Yoga means union of the outer self with the inner self. It can be attained through many paths such as Karma (action), Bhakti, Sankhya (awareness), Buddhi (intellect) and so on. Depending on one’s nature, one attains yoga through means suited to them.

Krishna tells Arjun (2.49) to seek refuge in buddhi as motivated karma is far inferior to buddhi yoga and miserable are they whose motive is to obtain the fruits of action. Earlier, Krishna said (2.41) that in karma yoga, the buddhi is coherent and the intellect of those who are irresolute is bahu-shakha (many-branched).

Once Buddhi attains coherence (like a magnifying glass focuses light) it's capable of any intellectual journey.
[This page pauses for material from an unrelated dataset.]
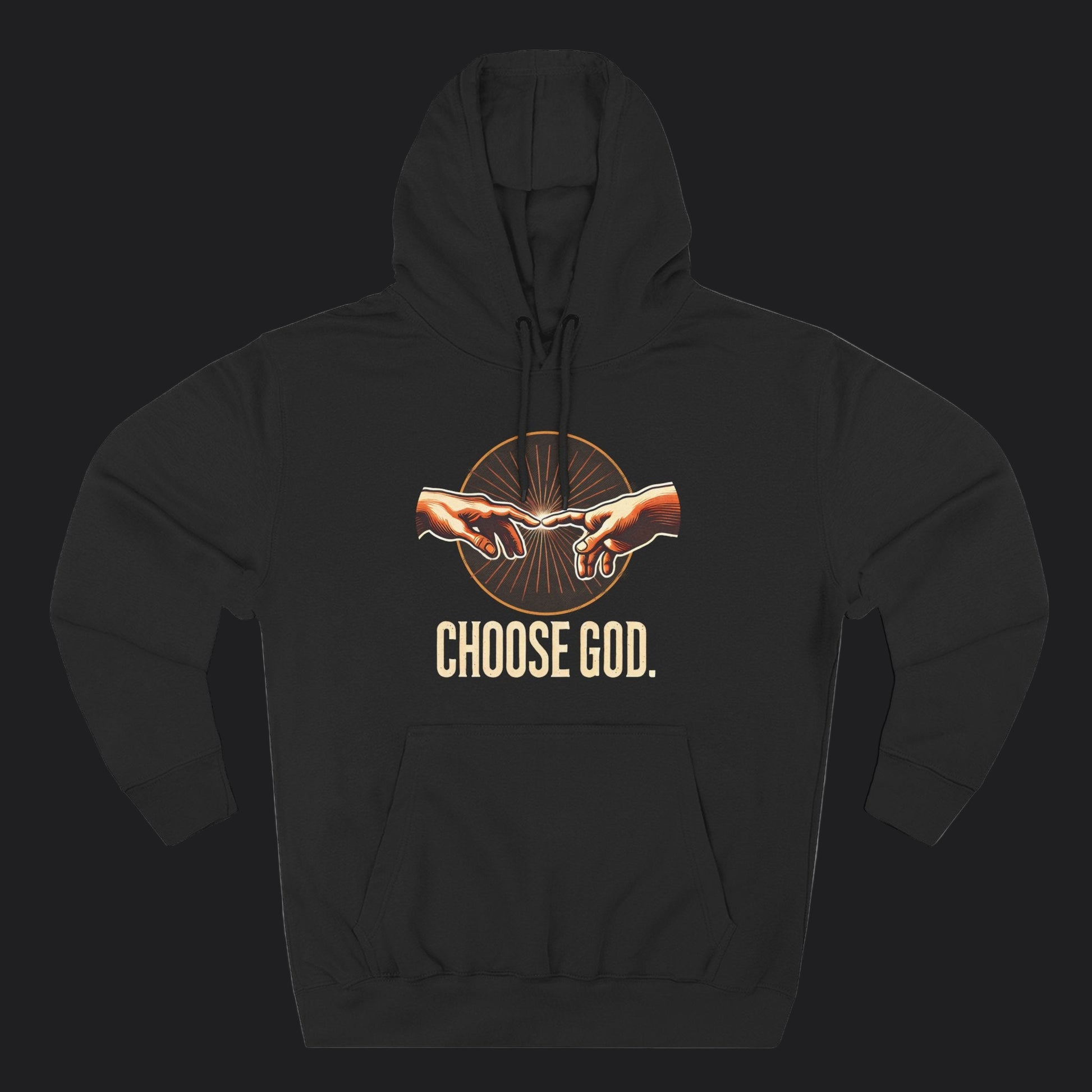 The "Choose God" Hoodie is a powerful reimagining of Michelangelo's iconic image from the Sistine Chapel—built for colder days and bolder faith. In this version, Adam doesn’t sit back with a passive hand; he actively reaches forward, extending his finger to meet God’s. The artwork captures that crucial moment of choice—the decision to move toward God instead of waiting for everything to come to you.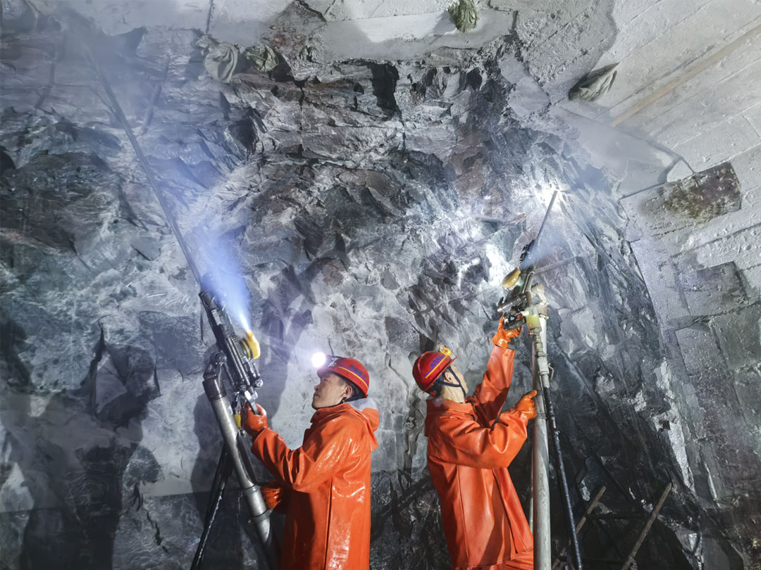更值得一提的是,在副井施工抵達-350米標高節點時,意外遭遇250m3/h的集中涌水,常規解決方案均無法有效控制,工程一度陷入停滯。面對困境,項目總指揮楊勇帶領技術團隊迅速調整思路、聚力攻關,不僅創新性采用化學漿注漿技術,更以“連軸轉”的拼勁堅守現場,項目團隊連續72小時輪班值守,每小時精準記錄一次注漿數據,最終僅用3天實現高效封堵涌水,為項目推進掃清了關鍵障礙。公司以湖北祥云高烽磷礦項目施工為原型,總結形成了“超大涌水磷礦豎井注漿堵水工法”,不僅斬獲湖南省科學技術進步二等獎,更成功申報省部級施工工法,為同類礦山施工提供了可復制的“楚湘方案”。

Any journey, including the journey towards self, involves direction and movement. Krishna’s reference to buddhi yoga here is about the direction of the journey towards the inner self. Usually, we use coherent intellect to fulfil desires in the outer (physical) world, but we should use it to pursue our journey towards the self.

The first signs of using coherent intellect for internal journey are when we start questioning everything like our deep rooted beliefs, emotions, assumptions, thoughts, actions and even the words we speak. Just as science uses questioning to push the frontiers of knowledge, the same questioning leads us to uncover the supreme truth.

Krishna further says that miserable are they whose motive is to obtain the fruits of action. We develop this tendency as the fruits of action give us pleasure. But in a polar world, every pleasure soon turns into pain in the due course of time, which increases our misery.

Krishna nowhere promises to shield us from polarities but tells us to use buddhi to transcend them to be atmavaan (established in self). It's neither knowing nor doing, just 'being'.